__TASK ITEM__:
Give the data below again exactly, and drop each picture from it.

__GIVEN INFORMATION__:
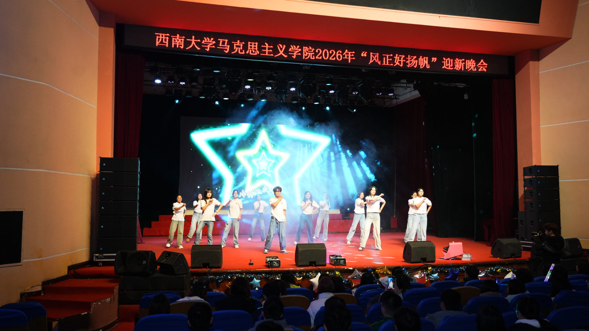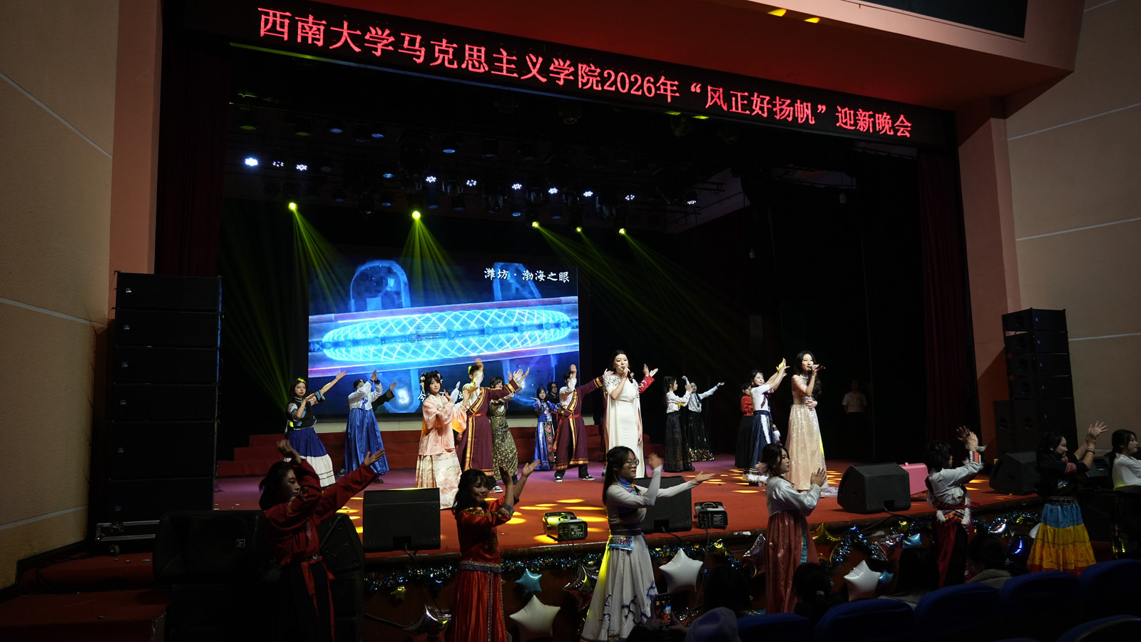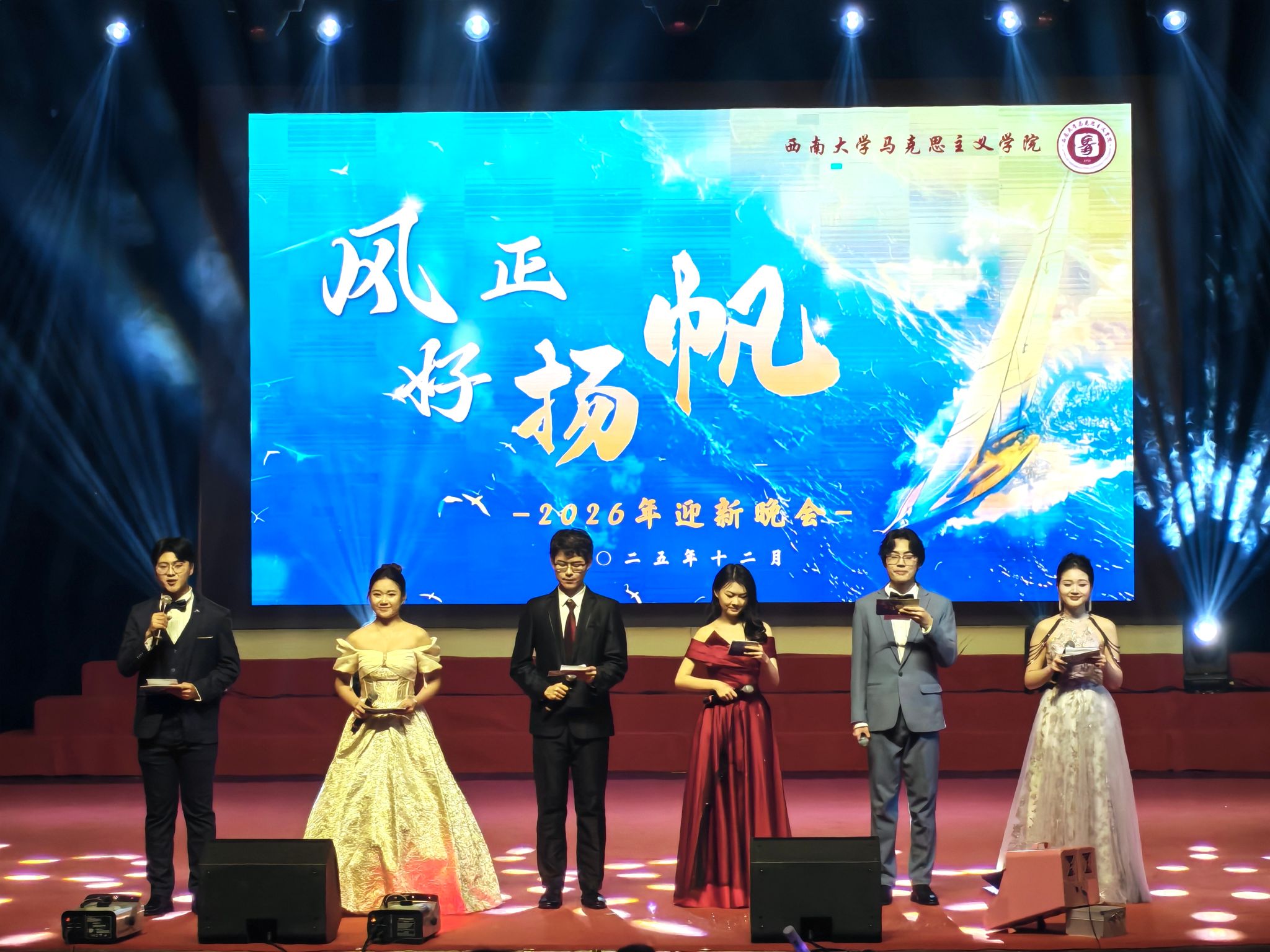 12月14日晚,西南大学365英国上市集团2026年“风正好扬帆”迎新晚会在光大礼堂温情上演。在辞旧迎新的美好氛围中,学院领导、各系部教师及学生齐聚一堂,以歌舞寄情、以诗言志,激励马院人在时代东风的指引下开好局、起好步,共同擘画前行航程。
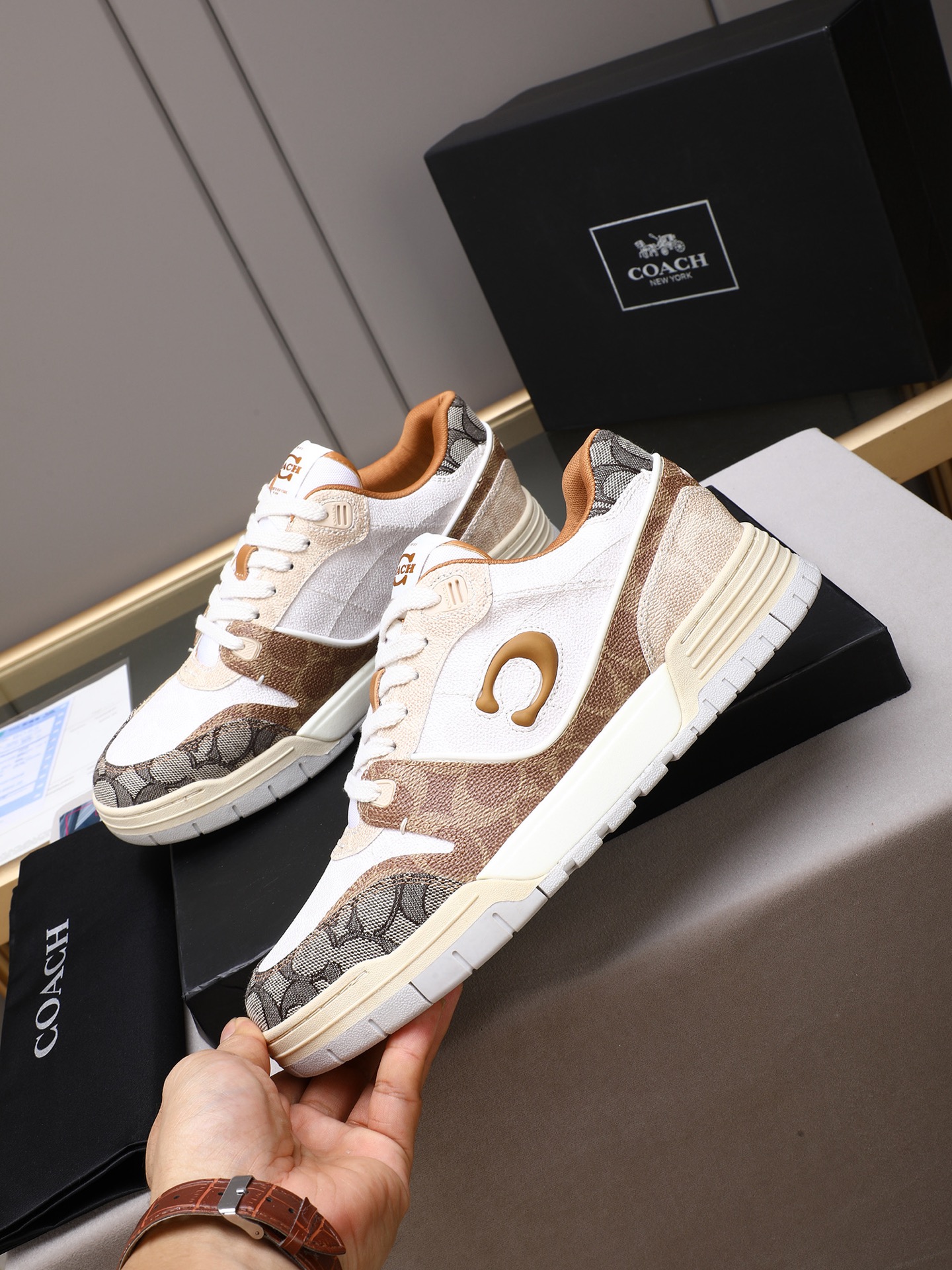 This shoes is AAAAA 1:1 quality (superb). Materials used are identical to the original ones. Coach trademark marks are indistinguishable to the authentic. Photos take by actual shoes, what you receive will be 100% same with our photos.
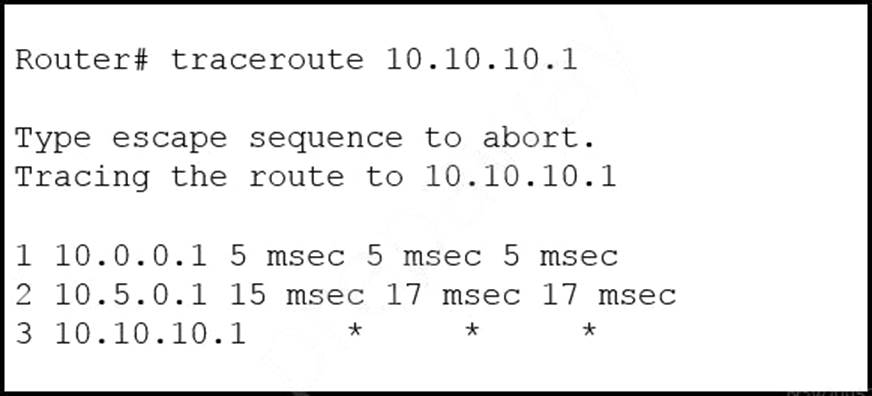 An engineer is troubleshooting a connectivity issue and executes a traceoute.
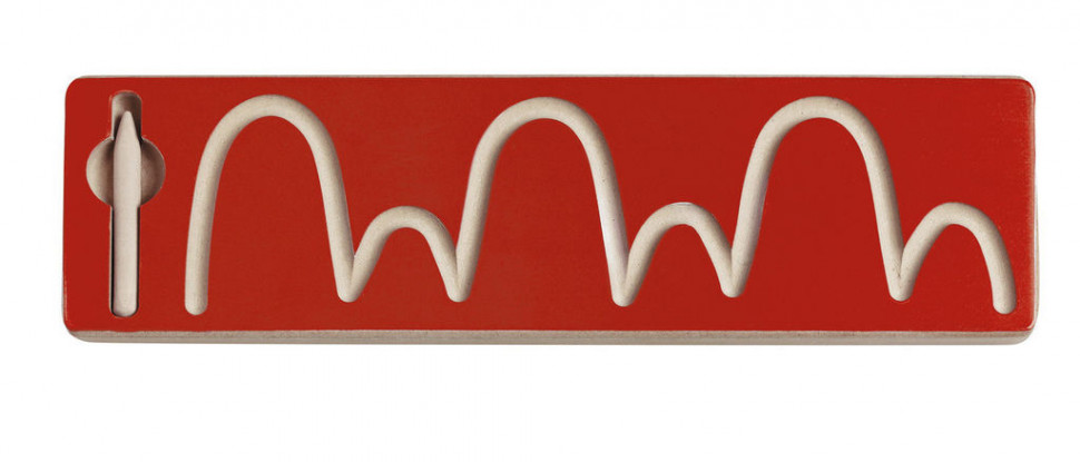 Дерево. В комплекте доска размером не менее 10х35х1,4 см с фигурными прорезями повторяющихся элементов прямоугольных очертаний в виде "мосты", стилус. На каждой доске слева расположено углубление для хранения стилуса. Стилус должен иметь один конец зауженный, но не острый.  Способствует подготовке руки к рисованию и письму, развитию моторики кисти руки, зрительно-моторной координации, наблюдательности, пространственного мышления, зрительного восприятия.

__OUTPUT FOR THIS TASK__:
 12月14日晚,西南大学365英国上市集团2026年“风正好扬帆”迎新晚会在光大礼堂温情上演。在辞旧迎新的美好氛围中,学院领导、各系部教师及学生齐聚一堂,以歌舞寄情、以诗言志,激励马院人在时代东风的指引下开好局、起好步,共同擘画前行航程。
 This shoes is AAAAA 1:1 quality (superb). Materials used are identical to the original ones. Coach trademark marks are indistinguishable to the authentic. Photos take by actual shoes, what you receive will be 100% same with our photos.
 An engineer is troubleshooting a connectivity issue and executes a traceoute.
 Дерево. В комплекте доска размером не менее 10х35х1,4 см с фигурными прорезями повторяющихся элементов прямоугольных очертаний в виде "мосты", стилус. На каждой доске слева расположено углубление для хранения стилуса. Стилус должен иметь один конец зауженный, но не острый.  Способствует подготовке руки к рисованию и письму, развитию моторики кисти руки, зрительно-моторной координации, наблюдательности, пространственного мышления, зрительного восприятия.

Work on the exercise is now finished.